Leaving out the pictures, return each line of the entries from the first through the line with "Fotografía ilustrativa 1.", and only those lines.

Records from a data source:
________________________________________
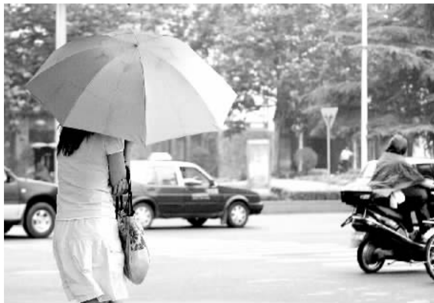
昨日,飘扬的小雨中,一名撑伞的女孩蜷缩着身体从中原路走过。
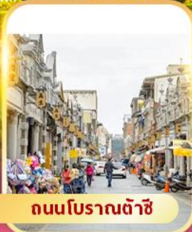
ถนนโบราณต้าชี่
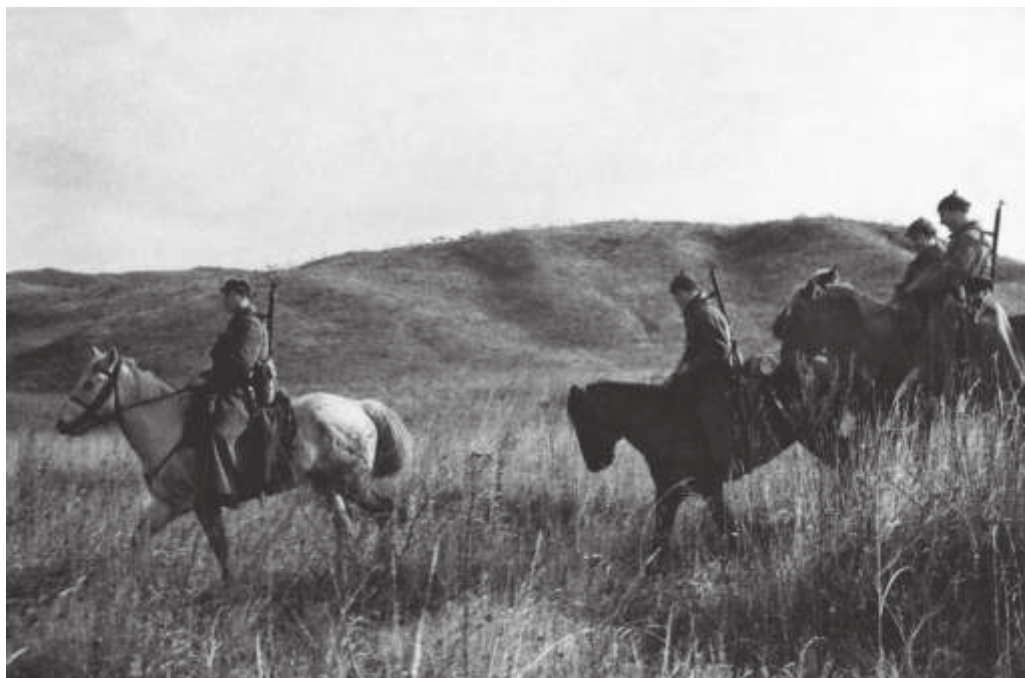
Пограничники Посьетского погранотряда в дозоре. Приморский край. 1938 г. Автор: Назаров Н.А. // ПГОМ. НВ 961—8
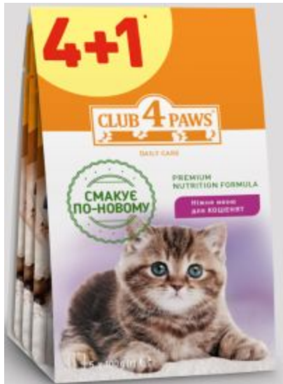
Клуб Коти паучі для кошенят
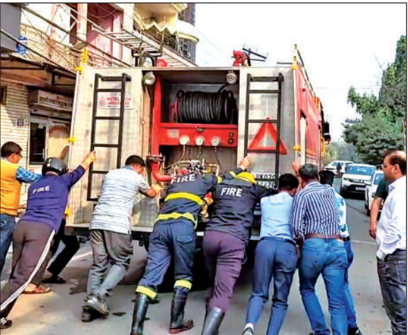
बंद हुई दमकल की गाड़ी को धक्का मारते लोग।

शुक्रवार की दोपहर को होली चौक निवासी 65 वर्षीय महिला के कपड़ों में अचानक आग लग
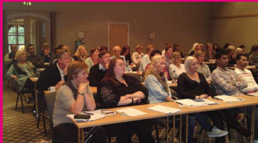
Høstkonferanse på Hafjell. Det ble både faglig og sosialt påfyll for medlemmene i SkL øst.
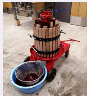
← ワイン試験醸造の様子
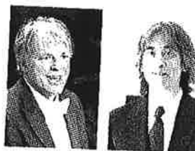
Streiten für Mozart: Thomas Hengelbrock und Kent Nagano
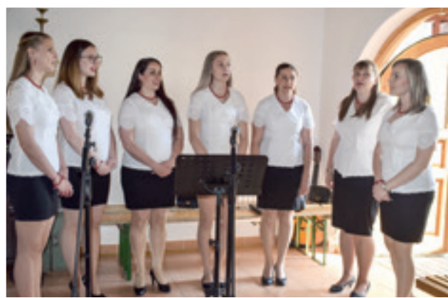
„Biseri”- ŽVS iz Unde- su muzički oblikovali program
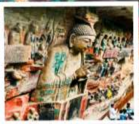
พาหินแกะสลักต้าจู้
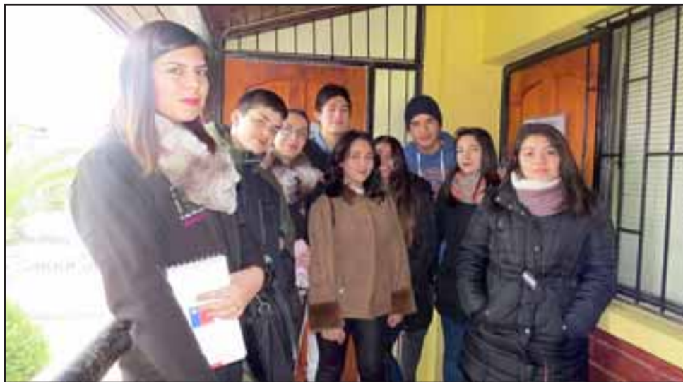
Integrantes del Consejo Consultivo de la OPD, se presentaron ante el Concejo Municipal, mediante una propuesta expuesta a las autoridades, que incluyó la realización de un concurso de graffiti, concurso de talentos, y un nutrido programa de actividades recreativas-culturales.

LLAY LLAY.- Niños y jóvenes integrantes del Consejo Consultivo de la OPD, se presentaron ante el Concejo Municipal, para buscar respaldo a las iniciativas de trabajo planificadas. La propuesta expuesta a las autoridades incluyó la realización de un concurso de graffiti, concurso de talentos, y un nutrido programa de actividades recreativas-culturales.
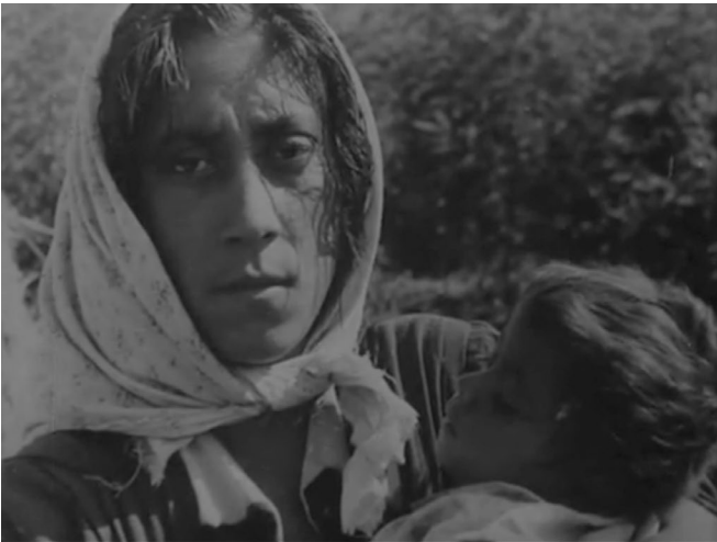
Abb. 3. Screenshot aus Die Zigeuner .
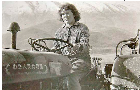
▲中国给老朋友阿尔巴尼亚的新礼物——拖拉机。
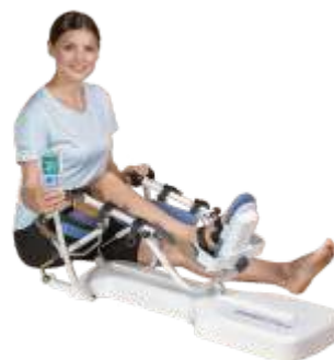
ORMED FLEX 01 ACTIVE

Для коленного и тазобедренного суставов, пассивная разработка
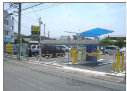
▲タイムズ尾崎駅前第2

住所:大阪府阪南市下出 65-1 台数:55台 料金:全日 30分 100円 駐車後 24時間 最大料金 400円 割引額:100円 対象駅:尾崎駅
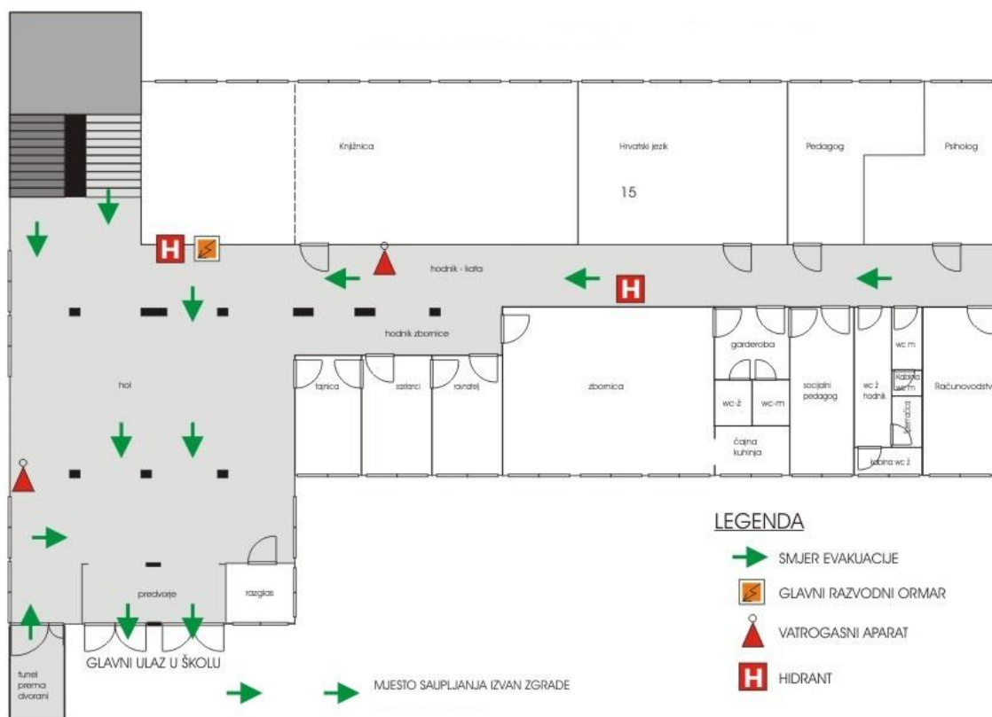
Slika 12. Plan evakuacije

Planom se utvrđuju i sredstva te oprema za spašavanje radnika, npr. kompleti alata, sanitetski materijal, nosila i dr. te se utvrđuju mjesta na kojima će biti ta oprema. Planom se utvrđuje i način davanja propisanih znakova za uzbunu. Svaki plan evakuacije i spašavanja uz tekstualni, sadržava i grafički prikaz objekta, evakuacijskih putova, razmještaj opreme i dr.
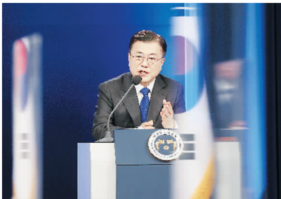
10日,韩国总统文在寅在首尔青瓦台发表讲话。

5月10日,在青瓦台春秋馆,韩国总统文在寅发表就职四周年特别讲话。文在寅在讲话中提到强调克服新冠危机,实现经济反弹以及重启朝鲜半岛和平进程等。
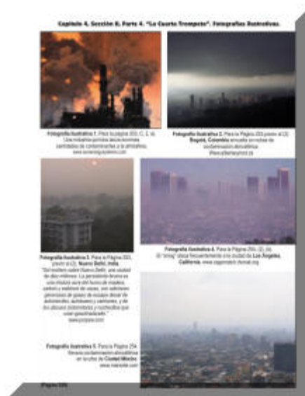
Fotografía ilustrativa 1. Una industria química lanza enormes cantidades de contaminantes a la atmósfera.

a) La contaminación atmosférica que resulta del humo y los gases lanzados por un sinnúmero de fábricas, talleres, refinerías, petroquímicas, plantas de energía eléctrica, etcétera, etcétera, la cual literalmente opaca en parte (" la tercera parte ") la luz que emiten el sol, la luna y las estrellas.
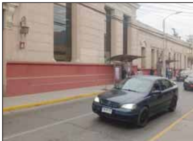
En este paradero los cuatro sujetos abordaron el taxi colectivo hacia La Troya

Realizó la denuncia correspondiente en Carabineros de la Segunda Comisaría de San Felipe.
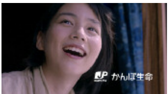
(能年さん) 「かんぼ生命」 (ロゴ) かんぼ生命
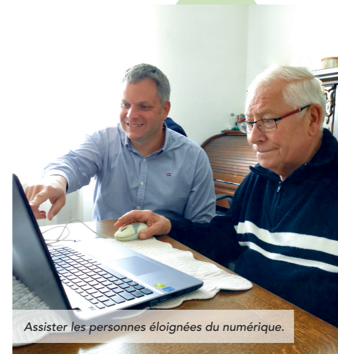
Assister les personnes éloignées du numérique.

Depuis 2020, les 28 communes de la Communauté de communes Haut Chemin-Pays de Pange (CCHCPP) ont accès à internet à très haut débit. La CCHCPP a été la toute première intercommunalité du Grand Est dont tous les foyers sont raccordés à la fibre. Deux tiers des familles du territoire ont déjà souscrit une offre à très haut débit auprès de l'un des principaux opérateurs français, Orange et SFR, tous les deux présents sur le territoire. De nouveaux usages du numérique vont donc pouvoir se développer. Une des premières expérimentation en la matière, conduite par Moselle Fibre sur le territoire de la CCHCPP, consiste à pucer les conteneurs à verre installés dans les communes.
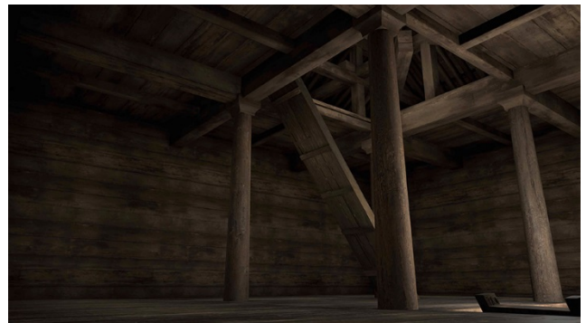
(左)「正倉」の構造と(右)VR 正倉内部。総檜造りの質感までわかる。
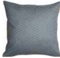
Cushion Mini 3 colors available 38x38 cm 19,99 Euro
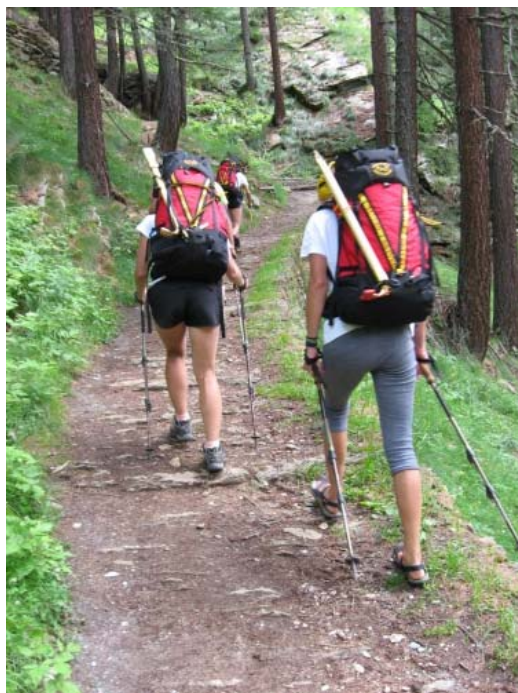
Девочки пошли на восхождение с настоящими золотыми ледорубами!
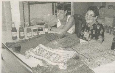
LAS EMPRENDEDORAS DE LA FINCA DOÑA ROSA YA TIENEN PRODUCTOS A LA VENTA.

La primera instancia consistió en recibir las inquietudes de grupos conformados por entre tres y cinco personas, de los cuales se evaluó la posibilidad de susten-
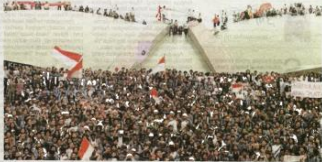
Indonesia sekat untuk membatasi gejala rasuah di negara tersebut sehingga berjaya mencapai Indeks Persepsi Rasuah (CPI) yang amat membanggakan.

S AYA menganggi program Penguatan Antikorupsi untuk Penyelenggara Berintegritas (Paku Integritas) amat bermakna sekali. Buat julung-julung kalinya kesemua calon presiden (capres) dan calon wakil presiden (timbalan presiden atau cawapres) berada di Komisi Pemberantasan Korupsi (KPK) untuk menyatakan komitmen mereka memerangi rasuah.
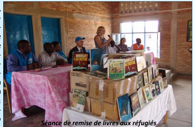
Séance de remise de livres aux réfugiés
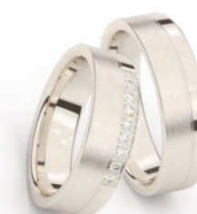
GOUD - CHAMPAGNEKLEURIG OR - CHAMPAGNE P 14
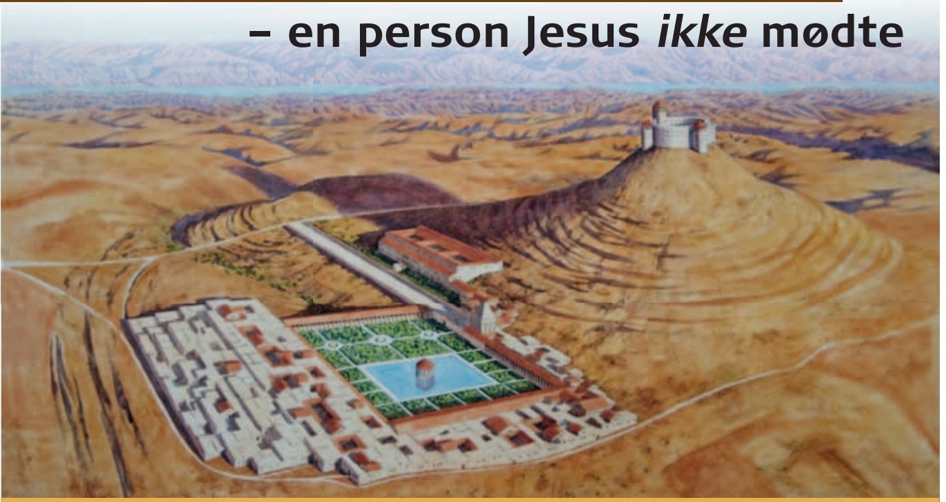
Et bud på, hvordan Herodion to sig ud på Jesu tid. Den store ringborg øverst ydede beskyttelse i krigstid. I fredstid kunne livet nydes i den store swimmingpool med en bar i midten omkranset af haver og søjlegange. Illustration: © archaeologyillustrated.com.

Af Morten Hørning Jensen, ph.d., redaktør af TEL og lektor på Menighedsfakultetet
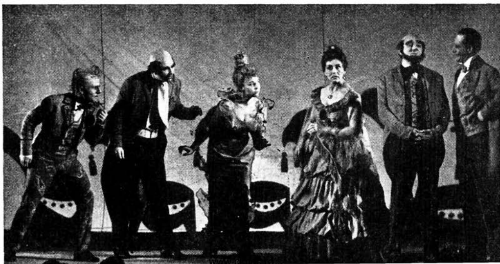
Doou scene din „Millo director”

Pristanda — slugă docilă și care trăiește în speranța de a deveni agă ; Nae și Luxița — cuplu de prostie răsfățat de huzur și viciat pînă în măduva oaselor de o existență parazitară ; Serviescu — întrupare credincioasă a servilismului ; Ciupici — rudă foarte îndepărtată a lui Cațavencu — omul tuturor trădărilor și al tuturor compromisurilor, constituie laolaltă efigiile unui regim pe care mai târziu Caragiale îl va dezvălui cu forța geniului. Toate aceste personaje, surprinse în lașițiile și în micimile lor abjecte de un observator just și de un psiholog clarvăzător, sînt ridiculizate cu o veselie nestînsă. Dar această veselie este a unui dramaturg cu o concepție activă și educativă a scrisului, care-și poartă personajele prin situații comice și lasă replicile să se rosto-
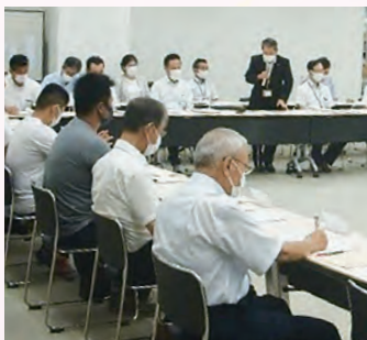
昨年度の統合準備委員会の様子

令和5年4月の統合に向け、保護者・地域・学校の代表者で構成された統合準備委員会を開催し、遠距離通学対策や学校間の児童交流など検討事項を協議していきます。
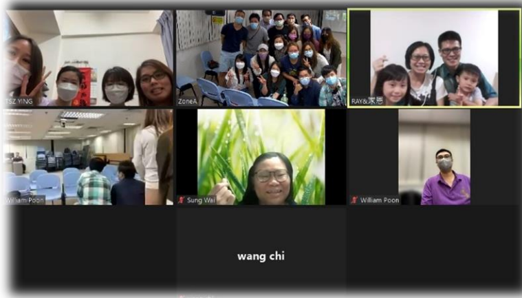
鼓勵昔日曾牧養的年青人
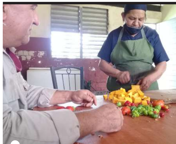
LA CCS FLORES Betancourt aportó los ingredientes para un sabroso ajiao

El añejo problema de no contar con un sistema de agua potable les hace depender siempre de este servicio a través de pipas, lo cual debe tener alguna solución que pueda incluirse en el plan de la economía,
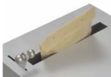
Hebel heranziehen Schachtfreigabe

Funktionsweise : Durch Betätigen des Hebels nach vorn wird der Einwurfschacht geöffnet . Nach Einwurf des Gutes wird der Hebel freigegeben und das Verschiebblech schließt automatisch die Schachtöffnung und das Gut fällt in den Innenbereich des Safes .
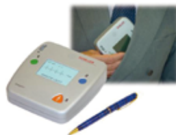
Der kleinste AED der Welt!

Der AED-Defibrillator „FRED easyport“ ist speziell für die Laien-Defibrillation konzipiert. Durch die deutlich hörbaren Sprachanweisungen können Sie nichts falsch machen!
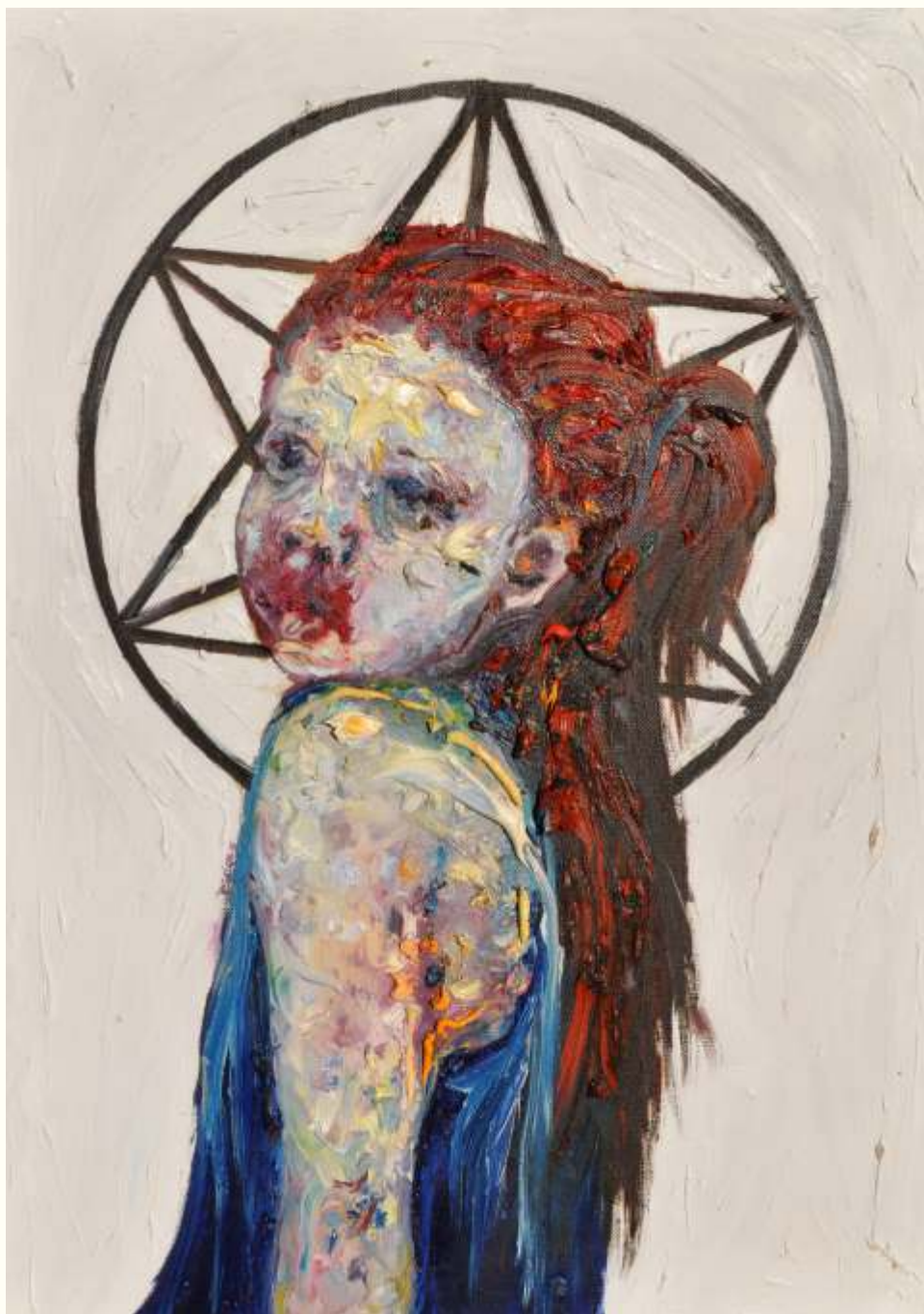
'Go Out Like a Light' λάδι σε μουσαμά, 70 x 50 εκ, 2015 oil on canvas, 70 x 50 cm, 2015
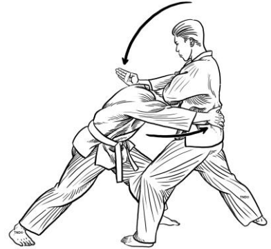
Chém lối 6

Tầm mức quốc tế : 8 ngôn ngữ trong một cuốn sách, gồm : Pháp, Anh, Đức, Ý, Tây Ban Nha, Liên Xô, Ả Rập và Việt ngữ.
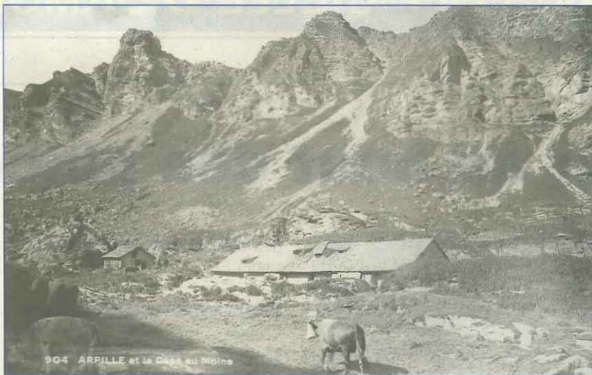
La Grande Arpille

Après avoir passé un clédar, vous voilà arrivés à la « Montagne » de la Grande Arpille, endroit spécialement cher dans le cœur des Ormonans. Réputé pour la finesse de son herbage, il pouvait accueillir une cinquantaine de vaches. La fabrication du fromage, que l'on descendait à dos d'homme, s'y est faite jusque vers 1960 ; actuellement, il n'y vient plus que du jeune bétail.
________________________________________
YOUR SOLUTION:
昨日,飘扬的小雨中,一名撑伞的女孩蜷缩着身体从中原路走过。
ถนนโบราณต้าชี่
Пограничники Посьетского погранотряда в дозоре. Приморский край. 1938 г. Автор: Назаров Н.А. // ПГОМ. НВ 961—8
Клуб Коти паучі для кошенят
बंद हुई दमकल की गाड़ी को धक्का मारते लोग।

शुक्रवार की दोपहर को होली चौक निवासी 65 वर्षीय महिला के कपड़ों में अचानक आग लग
Høstkonferanse på Hafjell. Det ble både faglig og sosialt påfyll for medlemmene i SkL øst.
← ワイン試験醸造の様子
Streiten für Mozart: Thomas Hengelbrock und Kent Nagano
„Biseri”- ŽVS iz Unde- su muzički oblikovali program
พาหินแกะสลักต้าจู้
Integrantes del Consejo Consultivo de la OPD, se presentaron ante el Concejo Municipal, mediante una propuesta expuesta a las autoridades, que incluyó la realización de un concurso de graffiti, concurso de talentos, y un nutrido programa de actividades recreativas-culturales.

LLAY LLAY.- Niños y jóvenes integrantes del Consejo Consultivo de la OPD, se presentaron ante el Concejo Municipal, para buscar respaldo a las iniciativas de trabajo planificadas. La propuesta expuesta a las autoridades incluyó la realización de un concurso de graffiti, concurso de talentos, y un nutrido programa de actividades recreativas-culturales.
Abb. 3. Screenshot aus Die Zigeuner .
▲中国给老朋友阿尔巴尼亚的新礼物——拖拉机。
ORMED FLEX 01 ACTIVE

Для коленного и тазобедренного суставов, пассивная разработка
▲タイムズ尾崎駅前第2

住所:大阪府阪南市下出 65-1 台数:55台 料金:全日 30分 100円 駐車後 24時間 最大料金 400円 割引額:100円 対象駅:尾崎駅
Slika 12. Plan evakuacije

Planom se utvrđuju i sredstva te oprema za spašavanje radnika, npr. kompleti alata, sanitetski materijal, nosila i dr. te se utvrđuju mjesta na kojima će biti ta oprema. Planom se utvrđuje i način davanja propisanih znakova za uzbunu. Svaki plan evakuacije i spašavanja uz tekstualni, sadržava i grafički prikaz objekta, evakuacijskih putova, razmještaj opreme i dr.
10日,韩国总统文在寅在首尔青瓦台发表讲话。

5月10日,在青瓦台春秋馆,韩国总统文在寅发表就职四周年特别讲话。文在寅在讲话中提到强调克服新冠危机,实现经济反弹以及重启朝鲜半岛和平进程等。
Fotografía ilustrativa 1. Una industria química lanza enormes cantidades de contaminantes a la atmósfera.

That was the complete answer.